None of the subjects were able to consciously detect the presence of the ELF field. One female subject was able to detect whenever the field started or ended, but could not accurately say when if it was on or off at any given time. In other words, she was able to detect the change in the magnetic field, but not the presence or absence of the magnetic field itself. She thought she felt it because it aggravated her sinuses. When lock-on occurred, the brain waves lagged behind the transmitted ELF. This appeared to have been the "reaction time" of the brain to the ELF waves (approximately 60-80 milliseconds). More accurate experimentation is needed to explore this relationship.

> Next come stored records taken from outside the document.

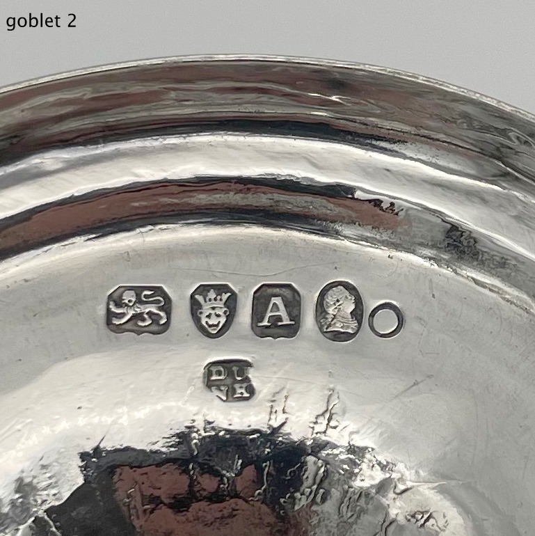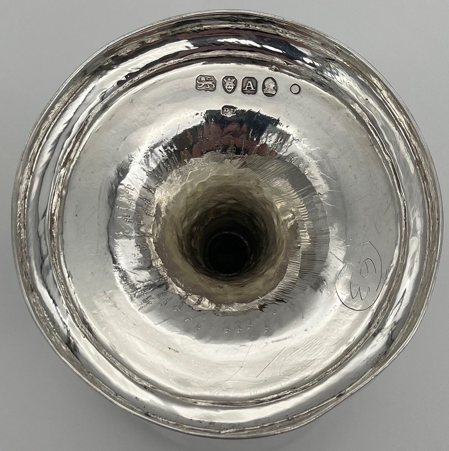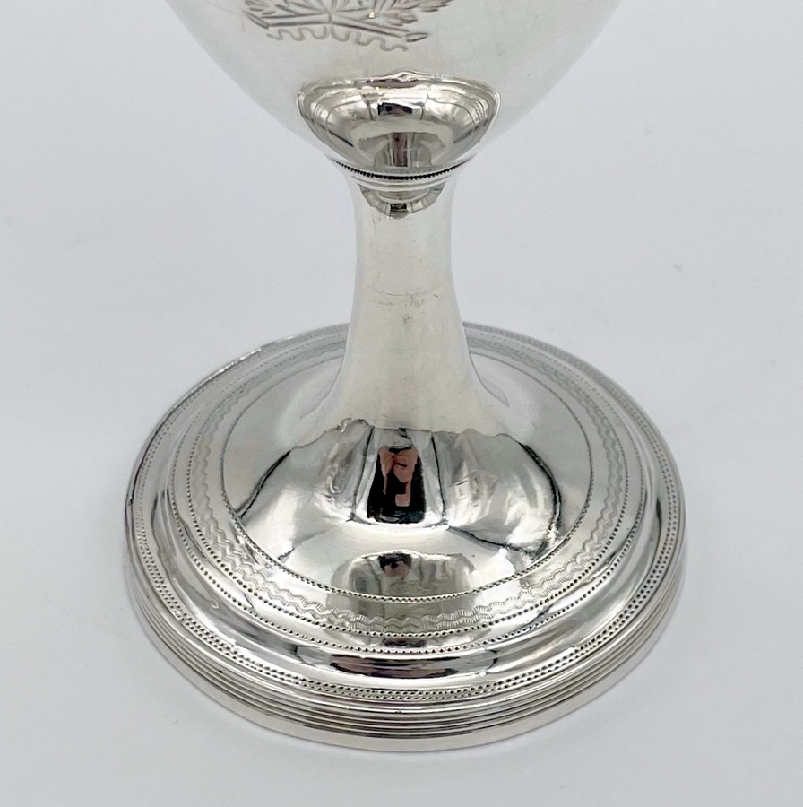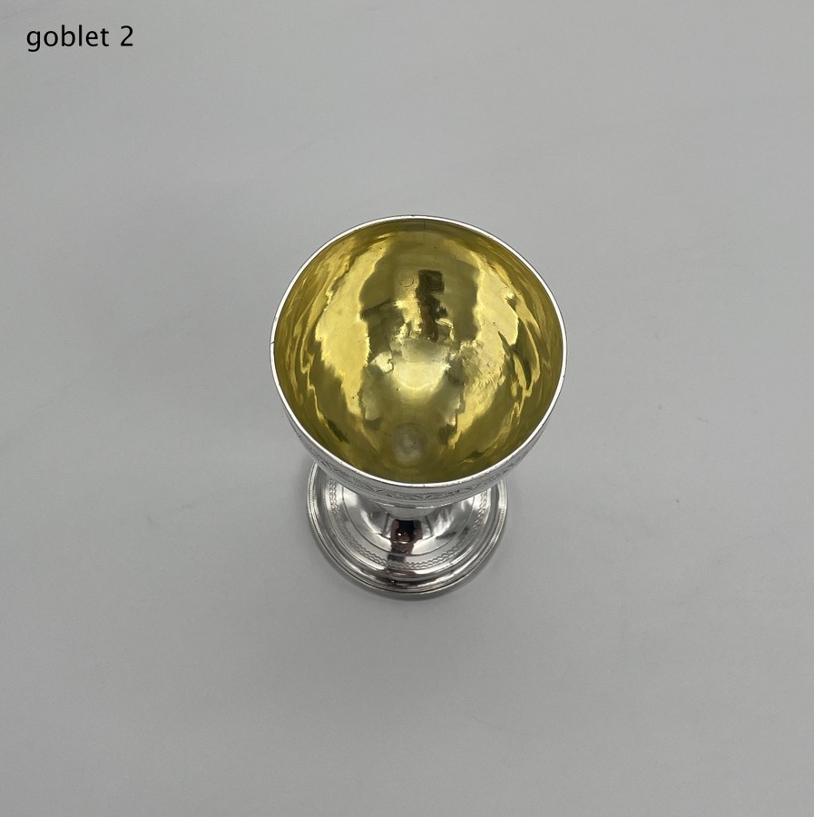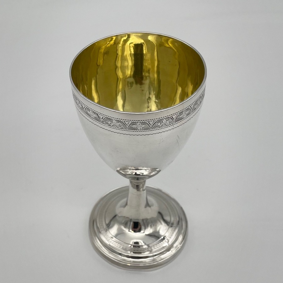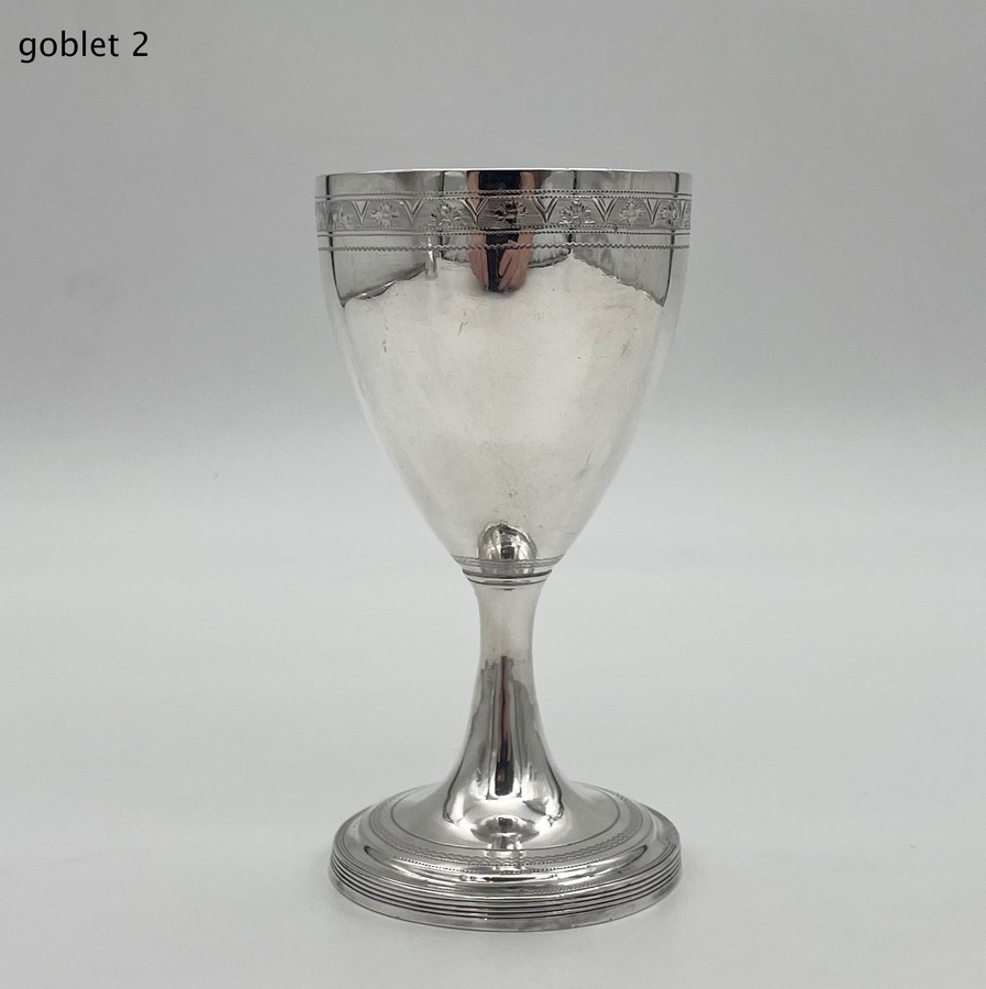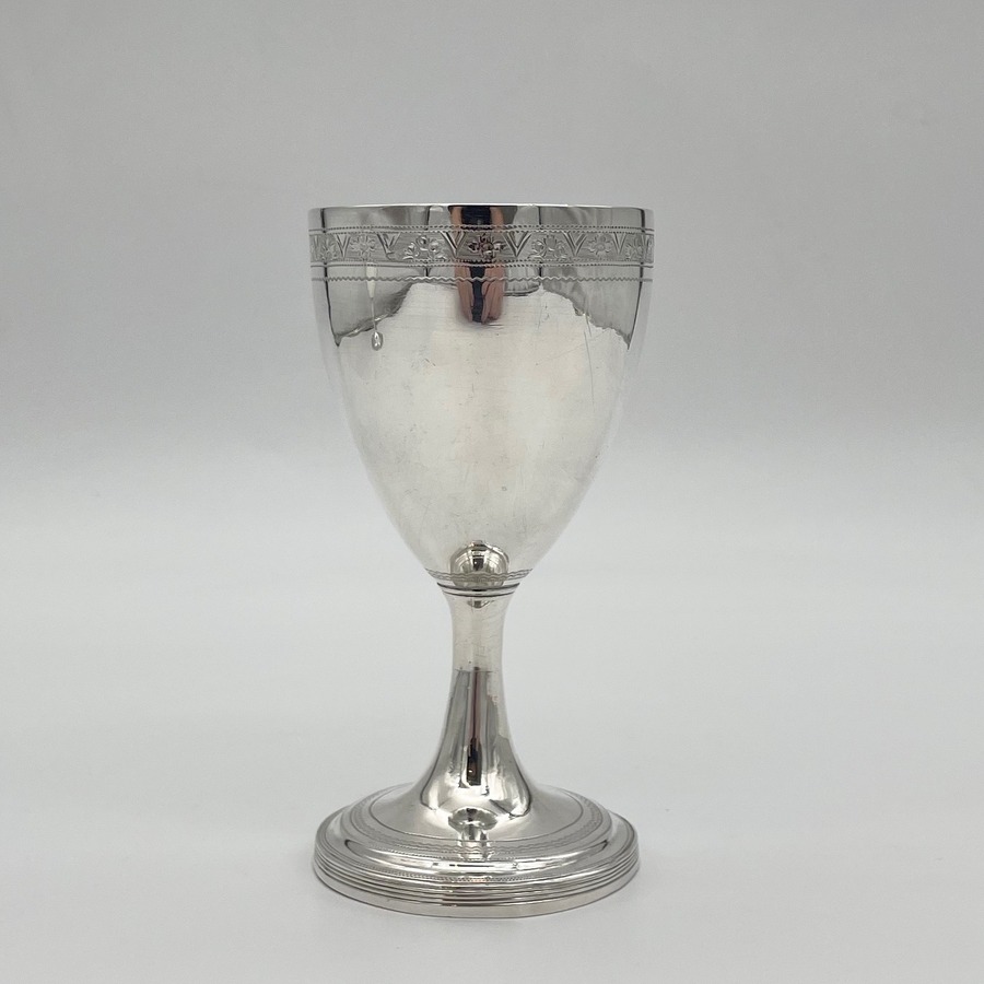 Wonderful pair of Georgian silver vase shaped pair of goblets decorated with a elegant upper bright cut engraved bands and a stylish wreath shaped cartouches in which sits contemporary hand engraved entwined initials.
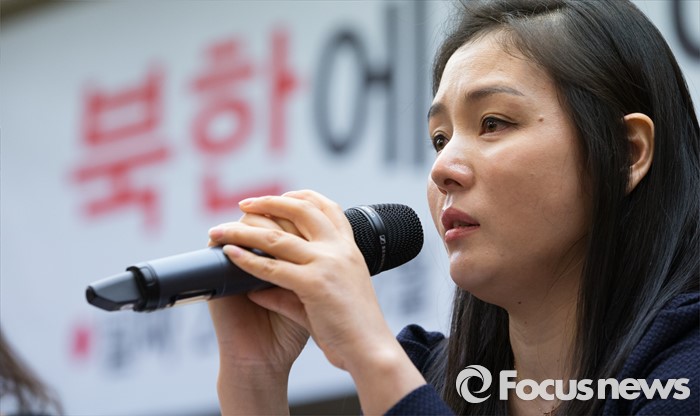 (서울=포커스뉴스) 세계 여성의 날을 하루 앞둔 7일 오전 서울 중구 프레스센터에서 탈북여성단체인 뉴코리아여성연합 회원들이 북한의 여성 인권유린사례를 알리는 기자회견을 하고 있다.
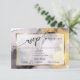 RSVP | Hand painted marbled splash in shades of gold, pale pink and charcoal black - and a gold frame with a sheer white center highlighting the invitation text. Handwritten script calligraphy text on the diagonal at the top allows a warm personal appeal - easy to personalize template.

Subjects verbatim reports were quite revealing. (Keep in mind that none of the subjects actually said they felt the ELFs.) The most common verbatim reports occurred between 8.6 and 9.6 Hertz. Common statements were subtle "tingling" sensations in the fingers, arms, legs, teeth, and roof of the mouth. Two subjects reported a "metallic" feeling in their mouth. One subject reported a "tightness" in the chest and another subject reported a "tightness" in the stomach. Several subjects also reported sensations when the ELF frequency was between 6 and 7 Hertz. The verbatim responses in this range were "ringing" in the ears, "flushed" face, "fatigued", "tightening" in the chest and "increasing" pulse.

Lock-on occurred at lower frequencies more often when the transmitted frequencies were progressively lowered, rather than randomly presented. It would seem that the brain prefers a gradual lowering of frequency rather than a sudden or abrupt change in frequency. This may have been due to the extremely short duration of each transmission (10 seconds). It may be that this effect would disappear if longer transmission times were used.

There was no significant correlation between subjects reported level of relaxation and the ELF frequency or the occurrence of lock-on. Again, this may have been due to the extremely short duration of each transmission.

Summary
It is clear from these experiments that brain waves do in fact lock on to artificially produced ELFs in the 6 - 10 Hertz range. It is equally clear that the 10 second transmission was not sufficient to alter subjects moods to any consistent degree.